**Work to complete**
Your output should be everything below from the line containing "A partir des" down to the line containing "According to studies", both ends included, copied exactly, with pictures left out.

**Records supplied**
##############################
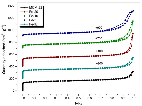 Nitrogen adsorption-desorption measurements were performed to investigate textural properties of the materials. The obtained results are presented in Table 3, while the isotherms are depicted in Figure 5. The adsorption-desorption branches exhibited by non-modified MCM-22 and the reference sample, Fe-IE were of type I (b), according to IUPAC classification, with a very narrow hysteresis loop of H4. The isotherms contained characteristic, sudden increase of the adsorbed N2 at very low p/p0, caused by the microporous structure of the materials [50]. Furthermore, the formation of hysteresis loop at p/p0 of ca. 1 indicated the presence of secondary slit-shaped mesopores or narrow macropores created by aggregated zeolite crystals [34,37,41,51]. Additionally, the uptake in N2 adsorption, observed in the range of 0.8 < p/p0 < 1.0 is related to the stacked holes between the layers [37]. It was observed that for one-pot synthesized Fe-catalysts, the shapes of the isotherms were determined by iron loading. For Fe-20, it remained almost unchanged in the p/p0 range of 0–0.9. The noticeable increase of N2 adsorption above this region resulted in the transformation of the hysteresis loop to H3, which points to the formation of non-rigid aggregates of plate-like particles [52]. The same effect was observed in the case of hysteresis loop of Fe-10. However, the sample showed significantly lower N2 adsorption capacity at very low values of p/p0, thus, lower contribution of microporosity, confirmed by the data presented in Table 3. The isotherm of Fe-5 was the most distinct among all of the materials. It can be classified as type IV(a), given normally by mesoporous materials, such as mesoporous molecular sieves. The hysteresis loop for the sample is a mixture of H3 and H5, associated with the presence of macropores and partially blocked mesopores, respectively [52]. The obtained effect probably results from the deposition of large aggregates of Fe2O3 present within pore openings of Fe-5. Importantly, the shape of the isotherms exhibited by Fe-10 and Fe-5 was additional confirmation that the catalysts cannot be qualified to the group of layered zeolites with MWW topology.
##############################
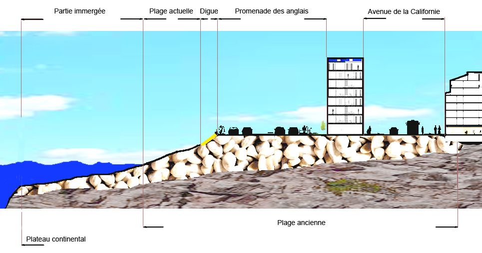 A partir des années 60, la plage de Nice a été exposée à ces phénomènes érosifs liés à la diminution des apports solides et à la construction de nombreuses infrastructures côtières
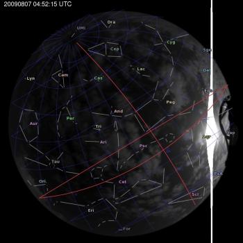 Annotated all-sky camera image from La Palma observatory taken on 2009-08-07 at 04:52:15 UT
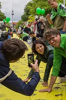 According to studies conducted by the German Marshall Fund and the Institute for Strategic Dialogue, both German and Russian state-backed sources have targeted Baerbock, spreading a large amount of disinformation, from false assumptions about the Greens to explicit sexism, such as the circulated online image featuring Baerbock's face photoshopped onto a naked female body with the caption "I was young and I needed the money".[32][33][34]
##############################
**Completed exercise**
 A partir des années 60, la plage de Nice a été exposée à ces phénomènes érosifs liés à la diminution des apports solides et à la construction de nombreuses infrastructures côtières
 Annotated all-sky camera image from La Palma observatory taken on 2009-08-07 at 04:52:15 UT
 According to studies conducted by the German Marshall Fund and the Institute for Strategic Dialogue, both German and Russian state-backed sources have targeted Baerbock, spreading a large amount of disinformation, from false assumptions about the Greens to explicit sexism, such as the circulated online image featuring Baerbock's face photoshopped onto a naked female body with the caption "I was young and I needed the money".[32][33][34]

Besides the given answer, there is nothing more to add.